The nickname seems (unintentionally) ironic to me. Beethoven was furious when Napoleon became emperor. He would never have chosen to write a concerto in honor of an emperor.


----------



## KenOC

George Grove claims that the nickname arose during an early performance, when an "old campaigner" rose to his feet during the first movement and cried, "L'Empeurer!" A nice story, at least.

When Beethoven heard about Napoleon's death, he said, "I have already written the music for that disaster," probably referring to the funeral march in the Eroica. He seems to have been of two minds about Nappy.


----------



## PsychoBunny

Oh......nice.....I can't believe I never put two and two together on that.


----------



## hpowders

Vivaldi's Four Seasons. Should have been named "Four filler pieces to take us up to four hourly newscasts on Classical Public Radio".


----------



## Pugg

PsychoBunny said:


> Oh......nice.....I can't believe I never put two and two together on that.


You see, one always learns something valuable on this site.


----------



## Dim7

PsychoBunny said:


> Only if the irony of the name is why the name was given. In which case, I think they'd still be ironic. The contrivance however, would make the name far less interesting.


Nope. A case of "Nomen est omen" is not irony. Rather an interesting coincidence, if anything. If I started a project called "Mission impossible" but it turned out to be something incredible easy and done in two seconds, THAT would be a case of irony (in addition to being an interesting coincidence as well).

I am rarely a linguistic prescriptivist but when words are used basically in the opposite meanings that's a bit problematic IMO.


----------



## Dim7

Another case of *non*-irony: I changed my username to Dim7 in 2009 because of the Diminished 7th chord, not thinking about the association of "dim" with "stupid", though it did occur to me quickly after the username change.

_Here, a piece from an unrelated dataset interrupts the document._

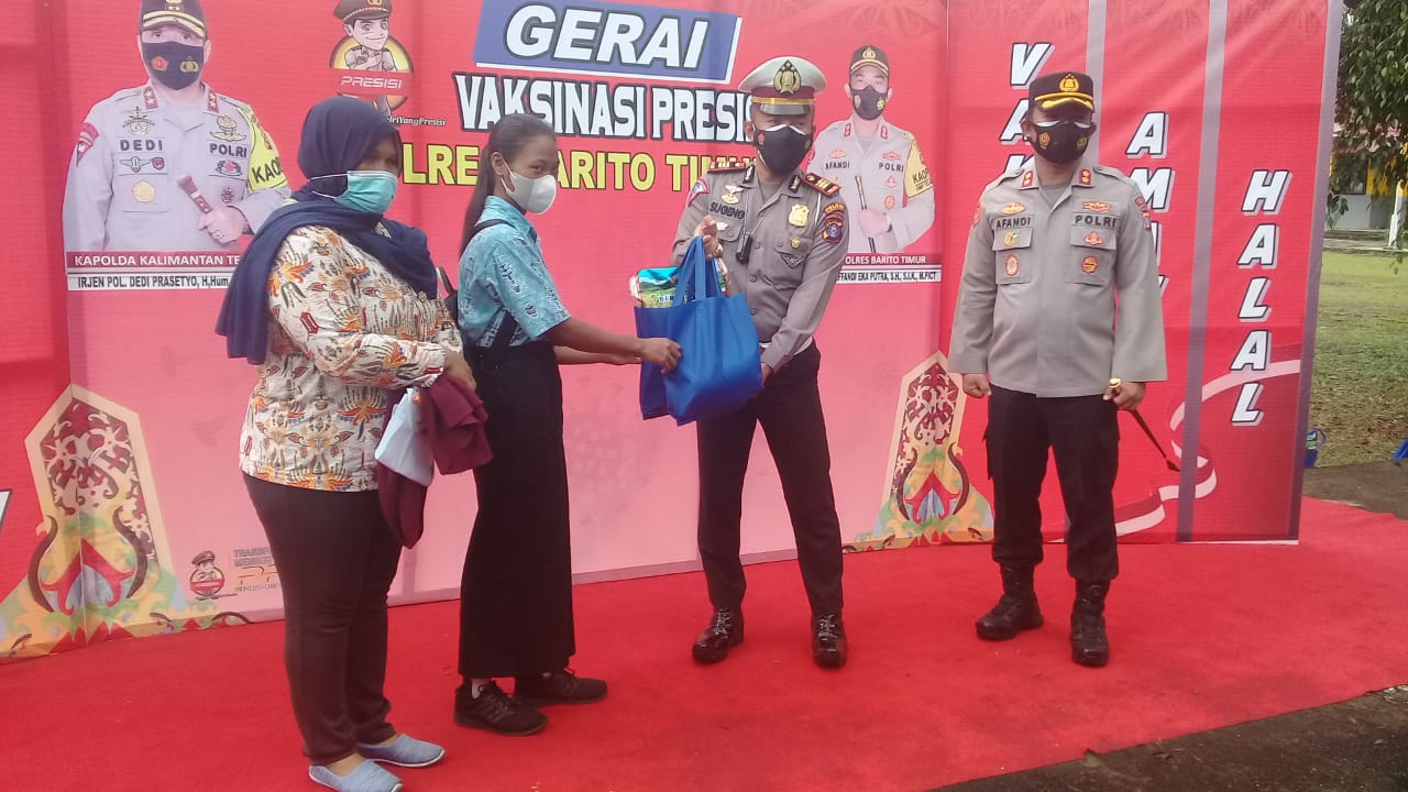 Usai kegiatan vaksinasi yang digelar Polres Bartim bersama Dinas Kesehatan dan Puskesmas Tamiang Layang pada Kamis (2/9/2021), jajaran Polres Bartim memberikan bingkisan kepada para vaksinator yang telah menyesaikan tugasnya. Bingkisan serupa juga diberikan kepada beberapa siswa yang ikut vaksinasi.

In December 2014 I came back here and found the thread "Stupid Thread Ideas". Now I have 1439 posts in that thread (and was for many months the most prolific poster in it until hpowders reclaimed that position very recently).


----------



## hpowders

Dim7 said:


> Another case of *non*-irony: I changed my username to Dim7 in 2009 because of the Diminished 7th chord, not thinking about the association of "dim" with "stupid", though it did occur to me quickly after the username change. In December 2014 I came back here and found the thread "Stupid Thread Ideas". Now I have 1439 posts in that thread (and was for many months the most prolific poster in it until hpowders reclaimed that position very recently).

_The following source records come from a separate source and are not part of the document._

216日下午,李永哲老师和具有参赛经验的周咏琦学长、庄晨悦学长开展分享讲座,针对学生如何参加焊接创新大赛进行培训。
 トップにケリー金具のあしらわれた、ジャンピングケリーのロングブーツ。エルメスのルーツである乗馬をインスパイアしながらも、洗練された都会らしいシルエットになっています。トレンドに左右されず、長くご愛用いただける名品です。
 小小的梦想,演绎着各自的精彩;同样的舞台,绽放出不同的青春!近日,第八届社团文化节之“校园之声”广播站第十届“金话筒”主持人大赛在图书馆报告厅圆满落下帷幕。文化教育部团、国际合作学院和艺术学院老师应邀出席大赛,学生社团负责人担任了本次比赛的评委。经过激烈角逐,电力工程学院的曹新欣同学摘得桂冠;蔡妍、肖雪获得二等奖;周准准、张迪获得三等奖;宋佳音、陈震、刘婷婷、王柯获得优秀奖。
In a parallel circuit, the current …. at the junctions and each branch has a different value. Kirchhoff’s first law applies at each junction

I'm glad you cleared that up. I took the "dim" literally. I fell asleep in Music 107: "Music theory for prolific, pithy posters".


----------



## Ariasexta

Arcangelo Corelli: Angel of Cords.
Giuseppe Torelli: Joseph(English for Giuseppe) of Trumpet.


----------



## PsychoBunny

I'd steal that and post it at the Shower-Thoughts sub-Reddit but most of the members there are musical philistines.


----------



## quack




----------



## PsychoBunny

Well, the thing is, I find it amusing. That's the difference. Coincidence doesn't cover the humor component, irony does.


----------



## TSWO

Fur Elise!

Imagine for a moment that you are Therese...Talk about colosal irony on a cosmic scale! 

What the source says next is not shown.